Stored dataset items:

-------------------------

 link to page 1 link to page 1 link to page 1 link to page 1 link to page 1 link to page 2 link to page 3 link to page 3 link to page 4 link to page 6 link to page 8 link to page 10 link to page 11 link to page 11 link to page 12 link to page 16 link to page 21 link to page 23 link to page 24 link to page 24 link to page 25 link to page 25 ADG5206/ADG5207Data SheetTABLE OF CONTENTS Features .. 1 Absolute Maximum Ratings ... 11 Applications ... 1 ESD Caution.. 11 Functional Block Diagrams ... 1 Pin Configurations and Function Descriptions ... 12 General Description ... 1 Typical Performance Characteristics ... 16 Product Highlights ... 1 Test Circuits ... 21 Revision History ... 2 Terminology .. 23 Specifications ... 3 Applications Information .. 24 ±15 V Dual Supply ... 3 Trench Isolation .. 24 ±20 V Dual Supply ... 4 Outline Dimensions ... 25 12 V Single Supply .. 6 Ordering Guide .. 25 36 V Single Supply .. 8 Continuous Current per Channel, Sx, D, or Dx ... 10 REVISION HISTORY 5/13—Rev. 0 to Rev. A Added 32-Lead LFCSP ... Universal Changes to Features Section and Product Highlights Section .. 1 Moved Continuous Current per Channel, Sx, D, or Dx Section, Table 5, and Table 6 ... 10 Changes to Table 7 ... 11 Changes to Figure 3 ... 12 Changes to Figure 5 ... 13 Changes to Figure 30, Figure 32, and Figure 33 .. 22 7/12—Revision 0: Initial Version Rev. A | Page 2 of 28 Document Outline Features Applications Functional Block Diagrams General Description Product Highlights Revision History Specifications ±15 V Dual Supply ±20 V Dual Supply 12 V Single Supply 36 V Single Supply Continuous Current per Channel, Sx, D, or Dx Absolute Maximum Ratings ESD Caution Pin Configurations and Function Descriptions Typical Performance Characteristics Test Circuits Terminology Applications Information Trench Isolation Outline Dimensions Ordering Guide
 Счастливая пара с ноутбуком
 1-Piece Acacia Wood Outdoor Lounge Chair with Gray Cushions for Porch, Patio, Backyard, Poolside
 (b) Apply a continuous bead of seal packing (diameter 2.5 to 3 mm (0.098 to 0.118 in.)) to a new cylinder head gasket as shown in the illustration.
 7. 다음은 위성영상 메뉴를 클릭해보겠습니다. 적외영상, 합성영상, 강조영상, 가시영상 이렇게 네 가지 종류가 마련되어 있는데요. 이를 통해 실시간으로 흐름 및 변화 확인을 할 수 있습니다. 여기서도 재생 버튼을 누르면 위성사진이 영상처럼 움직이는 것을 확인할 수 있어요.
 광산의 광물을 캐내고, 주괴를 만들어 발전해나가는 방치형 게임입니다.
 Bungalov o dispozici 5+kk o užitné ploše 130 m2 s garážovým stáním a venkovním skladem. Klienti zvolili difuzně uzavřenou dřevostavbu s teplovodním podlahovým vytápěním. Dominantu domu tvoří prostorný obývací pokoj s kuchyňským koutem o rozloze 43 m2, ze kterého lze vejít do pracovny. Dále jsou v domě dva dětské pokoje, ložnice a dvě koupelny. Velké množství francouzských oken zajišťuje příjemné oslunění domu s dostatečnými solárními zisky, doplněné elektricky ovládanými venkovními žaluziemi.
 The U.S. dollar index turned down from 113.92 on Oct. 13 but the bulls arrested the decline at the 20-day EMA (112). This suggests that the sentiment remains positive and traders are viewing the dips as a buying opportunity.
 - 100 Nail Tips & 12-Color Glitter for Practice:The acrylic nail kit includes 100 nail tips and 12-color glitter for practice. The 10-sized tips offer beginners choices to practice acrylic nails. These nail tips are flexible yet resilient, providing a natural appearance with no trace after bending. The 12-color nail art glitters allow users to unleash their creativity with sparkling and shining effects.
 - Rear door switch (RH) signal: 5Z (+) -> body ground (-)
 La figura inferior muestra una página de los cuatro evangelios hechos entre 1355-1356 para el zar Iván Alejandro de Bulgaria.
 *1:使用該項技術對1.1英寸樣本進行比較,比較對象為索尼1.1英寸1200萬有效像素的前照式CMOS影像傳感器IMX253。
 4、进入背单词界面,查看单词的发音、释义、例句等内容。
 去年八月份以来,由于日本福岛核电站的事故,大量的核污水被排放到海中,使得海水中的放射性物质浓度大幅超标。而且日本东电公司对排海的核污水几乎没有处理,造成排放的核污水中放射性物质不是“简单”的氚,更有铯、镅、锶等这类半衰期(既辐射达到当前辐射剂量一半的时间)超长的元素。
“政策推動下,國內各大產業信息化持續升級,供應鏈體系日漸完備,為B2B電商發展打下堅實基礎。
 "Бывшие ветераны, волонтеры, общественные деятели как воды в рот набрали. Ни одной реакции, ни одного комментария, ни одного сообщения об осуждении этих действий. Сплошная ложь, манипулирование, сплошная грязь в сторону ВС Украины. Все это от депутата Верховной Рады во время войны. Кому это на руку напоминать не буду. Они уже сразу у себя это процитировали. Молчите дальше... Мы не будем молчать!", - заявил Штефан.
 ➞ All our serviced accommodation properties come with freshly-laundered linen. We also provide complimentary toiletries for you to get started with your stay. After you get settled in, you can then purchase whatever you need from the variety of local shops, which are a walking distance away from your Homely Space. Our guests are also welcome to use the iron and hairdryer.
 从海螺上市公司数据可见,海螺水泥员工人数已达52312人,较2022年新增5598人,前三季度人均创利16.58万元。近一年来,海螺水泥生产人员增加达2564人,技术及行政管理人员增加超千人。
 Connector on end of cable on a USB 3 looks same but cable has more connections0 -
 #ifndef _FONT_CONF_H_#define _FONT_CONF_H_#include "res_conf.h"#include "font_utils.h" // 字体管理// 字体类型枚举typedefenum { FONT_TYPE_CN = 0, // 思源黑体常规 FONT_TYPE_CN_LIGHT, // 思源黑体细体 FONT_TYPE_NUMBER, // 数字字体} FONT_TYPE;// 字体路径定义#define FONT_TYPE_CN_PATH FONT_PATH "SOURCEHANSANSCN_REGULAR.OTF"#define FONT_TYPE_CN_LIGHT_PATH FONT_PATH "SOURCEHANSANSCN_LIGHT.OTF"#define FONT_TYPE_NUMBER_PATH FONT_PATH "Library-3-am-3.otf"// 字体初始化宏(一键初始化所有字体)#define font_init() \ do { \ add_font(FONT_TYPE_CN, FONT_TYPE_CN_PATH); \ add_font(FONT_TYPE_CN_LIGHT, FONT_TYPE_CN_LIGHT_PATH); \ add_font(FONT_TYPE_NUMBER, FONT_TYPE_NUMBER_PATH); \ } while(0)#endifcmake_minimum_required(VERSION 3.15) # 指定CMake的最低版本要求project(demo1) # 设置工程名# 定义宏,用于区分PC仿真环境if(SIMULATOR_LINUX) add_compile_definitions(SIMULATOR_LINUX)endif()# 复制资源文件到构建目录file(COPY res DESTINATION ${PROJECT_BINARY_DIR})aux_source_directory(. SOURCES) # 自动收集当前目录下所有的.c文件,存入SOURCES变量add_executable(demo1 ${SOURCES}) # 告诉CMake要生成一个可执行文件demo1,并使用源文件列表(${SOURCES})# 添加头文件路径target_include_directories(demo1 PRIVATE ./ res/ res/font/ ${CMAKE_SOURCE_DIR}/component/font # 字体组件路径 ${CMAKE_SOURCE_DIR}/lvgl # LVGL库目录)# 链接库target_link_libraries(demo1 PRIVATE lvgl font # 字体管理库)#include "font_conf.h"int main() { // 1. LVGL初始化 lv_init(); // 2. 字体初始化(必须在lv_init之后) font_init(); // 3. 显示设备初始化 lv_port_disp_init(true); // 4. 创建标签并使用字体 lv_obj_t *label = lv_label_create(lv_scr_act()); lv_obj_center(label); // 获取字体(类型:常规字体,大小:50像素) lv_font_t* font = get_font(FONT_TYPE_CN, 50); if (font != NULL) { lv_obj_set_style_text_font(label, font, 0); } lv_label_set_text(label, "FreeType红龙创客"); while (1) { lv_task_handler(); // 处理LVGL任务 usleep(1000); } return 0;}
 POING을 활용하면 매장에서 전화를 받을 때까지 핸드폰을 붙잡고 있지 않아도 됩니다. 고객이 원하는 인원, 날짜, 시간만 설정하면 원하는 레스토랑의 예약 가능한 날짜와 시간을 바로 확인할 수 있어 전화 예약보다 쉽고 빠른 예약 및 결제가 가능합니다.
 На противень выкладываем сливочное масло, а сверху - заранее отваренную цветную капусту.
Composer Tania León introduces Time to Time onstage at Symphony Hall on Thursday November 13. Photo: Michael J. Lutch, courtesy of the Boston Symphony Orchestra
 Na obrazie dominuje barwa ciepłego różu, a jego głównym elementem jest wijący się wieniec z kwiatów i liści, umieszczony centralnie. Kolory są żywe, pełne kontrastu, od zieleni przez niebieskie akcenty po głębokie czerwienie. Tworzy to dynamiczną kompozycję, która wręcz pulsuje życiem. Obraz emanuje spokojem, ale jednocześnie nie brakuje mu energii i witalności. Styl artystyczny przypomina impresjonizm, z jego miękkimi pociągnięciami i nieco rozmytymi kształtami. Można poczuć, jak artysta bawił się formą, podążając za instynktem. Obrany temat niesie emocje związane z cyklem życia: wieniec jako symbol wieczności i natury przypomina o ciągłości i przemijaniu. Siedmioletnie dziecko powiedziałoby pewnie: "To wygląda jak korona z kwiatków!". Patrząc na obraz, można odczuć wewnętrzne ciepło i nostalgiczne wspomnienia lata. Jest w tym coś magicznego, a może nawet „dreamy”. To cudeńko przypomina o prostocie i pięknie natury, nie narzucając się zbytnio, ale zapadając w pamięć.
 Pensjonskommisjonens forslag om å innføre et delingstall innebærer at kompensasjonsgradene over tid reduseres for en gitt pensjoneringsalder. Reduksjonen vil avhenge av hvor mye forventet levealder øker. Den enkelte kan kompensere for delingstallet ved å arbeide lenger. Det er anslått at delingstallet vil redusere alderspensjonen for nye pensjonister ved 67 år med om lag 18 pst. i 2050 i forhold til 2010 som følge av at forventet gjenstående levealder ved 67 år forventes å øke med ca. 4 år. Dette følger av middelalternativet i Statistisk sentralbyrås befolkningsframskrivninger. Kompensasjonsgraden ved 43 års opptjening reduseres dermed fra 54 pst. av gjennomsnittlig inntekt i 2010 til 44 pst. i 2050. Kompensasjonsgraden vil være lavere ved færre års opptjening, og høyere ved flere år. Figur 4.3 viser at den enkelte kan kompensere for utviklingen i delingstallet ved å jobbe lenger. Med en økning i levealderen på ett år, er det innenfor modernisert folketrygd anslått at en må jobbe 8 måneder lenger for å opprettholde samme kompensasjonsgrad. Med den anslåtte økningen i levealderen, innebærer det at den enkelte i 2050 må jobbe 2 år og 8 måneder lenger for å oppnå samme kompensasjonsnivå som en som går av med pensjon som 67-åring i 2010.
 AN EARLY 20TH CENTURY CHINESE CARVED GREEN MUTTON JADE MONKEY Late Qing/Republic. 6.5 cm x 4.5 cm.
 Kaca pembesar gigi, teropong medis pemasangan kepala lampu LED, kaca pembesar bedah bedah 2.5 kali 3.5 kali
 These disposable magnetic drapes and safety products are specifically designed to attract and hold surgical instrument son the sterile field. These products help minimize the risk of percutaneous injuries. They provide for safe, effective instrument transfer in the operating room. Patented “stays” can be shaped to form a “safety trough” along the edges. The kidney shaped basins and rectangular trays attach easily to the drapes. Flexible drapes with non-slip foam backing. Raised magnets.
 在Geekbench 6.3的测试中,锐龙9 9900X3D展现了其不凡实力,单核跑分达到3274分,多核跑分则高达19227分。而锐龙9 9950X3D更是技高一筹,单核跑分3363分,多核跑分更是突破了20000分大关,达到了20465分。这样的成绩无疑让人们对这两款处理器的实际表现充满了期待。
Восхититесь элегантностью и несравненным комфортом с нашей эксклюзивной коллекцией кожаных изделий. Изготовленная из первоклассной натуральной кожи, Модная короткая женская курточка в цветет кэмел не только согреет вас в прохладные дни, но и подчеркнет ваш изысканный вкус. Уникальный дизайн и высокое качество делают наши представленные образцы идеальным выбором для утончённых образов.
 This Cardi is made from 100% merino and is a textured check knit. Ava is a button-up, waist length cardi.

-------------------------

WORK REQUEST =
Starting at the line that has "从海螺上市公司数据可见,海螺" in the records above, restate word for word every line until the one that has "Connector on end", and include that one as well.

FINAL ANSWER =
 从海螺上市公司数据可见,海螺水泥员工人数已达52312人,较2022年新增5598人,前三季度人均创利16.58万元。近一年来,海螺水泥生产人员增加达2564人,技术及行政管理人员增加超千人。
 Connector on end of cable on a USB 3 looks same but cable has more connections0 -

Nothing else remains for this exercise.